What we’ve realized is that PowerShell’s creators are a bit lazy—and that’s a good thing. Because they didn’t want to have to code a -HostName
parameter for every single cmdlet, they created a shell-wide system called remoting. This system enables you to run any cmdlet on a remote computer. In fact, you can even run commands that exist on the remote computer but that don’t exist on your own computer—meaning you don’t always have to install every administrative cmdlet on your workstation. This remoting system is powerful, and it offers interesting administrative capabilities.
Note Remoting is a huge, complex technology. We introduce you to it in this chapter and cover usage scenarios that you’ll deal with 80% to 90% of the time. But we can’t cover it all, so in the “Further exploration” section at the end of this chapter, we point you to a must-have resource that covers remoting’s configuration options.
Remote PowerShell works somewhat similarly to Telnet and other age-old remote-control technologies. When you run a command, it’s running on the remote computer—only the results of that command come back to your computer.
PowerShell uses a communications protocol called Web Services for Management (WSMan).
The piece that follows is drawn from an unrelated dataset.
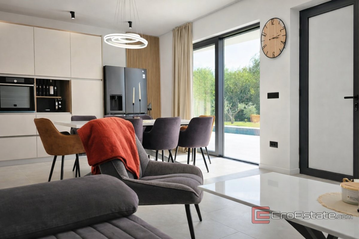 In a quiet part of Labin, there is a modernly designed villa with a living area of 176 m², located on a plot of 792 m². The property is organized as two completely independent residential units, which provides the future owner with flexibility of use and excellent investment potential.

WSMan operates entirely over HTTP or HTTPS (HTTP by default), making it easy to route through firewalls if necessary (because each of those protocols uses a single port to communicate). Microsoft’s implementation of WSMan comes in the form of a background service, Windows Remote Management (WinRM). WinRM is installed by default on Windows 10 devices and Server 2012 and up. By default, these services are disabled but can easily be enabled individually or by group policy.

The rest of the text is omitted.